West Orange isn’t getting answers to how some their mail wound up in a dumpster in North Arlington.
“We haven’t heard from the post office yet,” said Robert Parisi, the mayor of West Orange. “I think we should have heard about this from the post office and not from the media.”
The New Jersey Globe first reported on Sunday that a large quantity of mail, including official ballots for the upcoming general election, was found tossed in the trash.
The mail originated from the Dominick V. Daniels Processing and Distribution Center in Kearny. A post office official, who spoke on the condition of anonymity, said that a postal employee is under investigation.
“We’ve got the guy,” the official said. “We know who it was.”
George Flood, a spokesman for the U.S. Postal Service told the Globe that the mail was “reported, collected and delivered.”

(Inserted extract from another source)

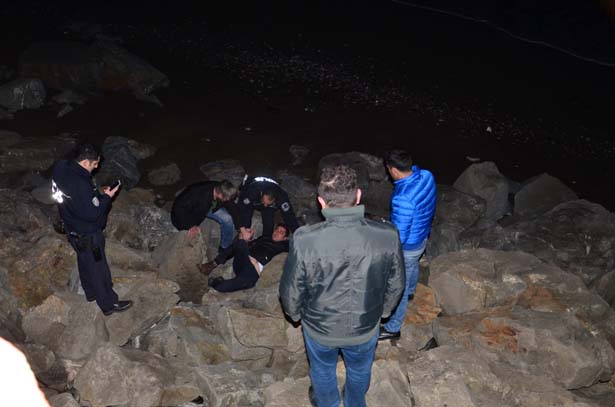 Caddesi üzerinde Kadir S., yaklaşık 2 metre yükseklikten kayalıklara inmek
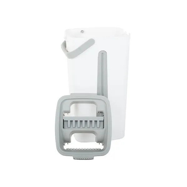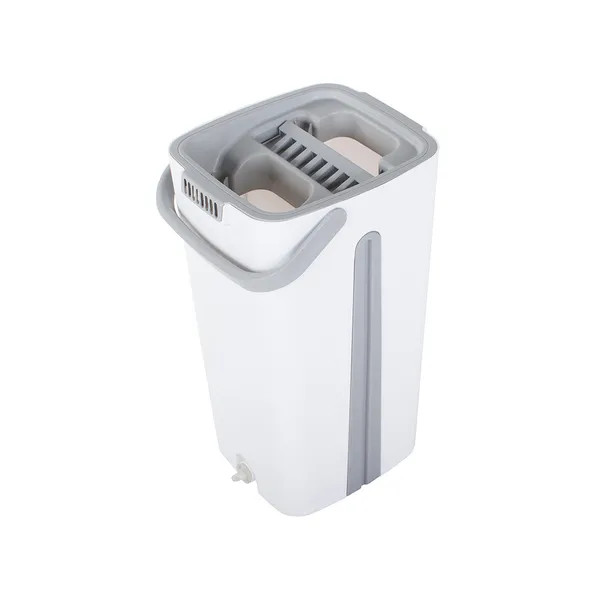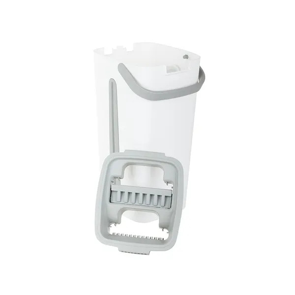 A vödör egyik kamrája a tiszta, a másik a piszkos vizet gyűjti, így minden húzás higiénikus marad. A beépített prés könnyedén kicsavarja a mikroszálas betétet – térdelés és kézáztatás nélkül.

That doesn’t necessarily help answer questions from West Orange residents, some of whom contacted the Globe to say that they would have liked to know if the mail they brought into their homes on Saturday and been in a dumpster just hours earlier.
“I certainly would have liked to have heard of it,” Parisi said.
Former Gov. Richard J. Codey, who represents West Orange in the State Senate, said it would have been better if postal officials had been transparent with local residents.
“Especially during these times because of where it was,” he said.
The Globe has learned that the New Jersey Attorney General’s office was advised of the issue on Friday and that they consented to the ballots being delivered to voters despite the an interruption in the chain of custody.
The Attorney General’s office did not immediately respond to an 8:27 PM email seeking comment.
Flood would not reveal additional details, saying its now being investigated by the USPS Inspector General.
Some view the Inspector General as a sort of bureaucratic abyss where failures of the postal service can be buried under the guise of a law enforcement probe.
Belleville Mayor Michael Melham said that the USPS Inspector General was supposed to be investigating allegations that mail carriers left hundreds of vote-by-mail ballots on the floor in several apartment buildings during the May municipal elections.
“I, as Mayor, made the initial complaint. To date, not one person has ever contacted me. I’ve never been updated. This is how seriously the USPS takes these matters,” Melham said. “It’s a joke.”
Essex County Clerk Christopher Durkin called the post office “a vital partner in the democratic process.”
“We need a through and expeditious investigation,” Durkin said. “And we need transparency in our public process.”
This story was updated at 10:06 PM with comment from Durkin.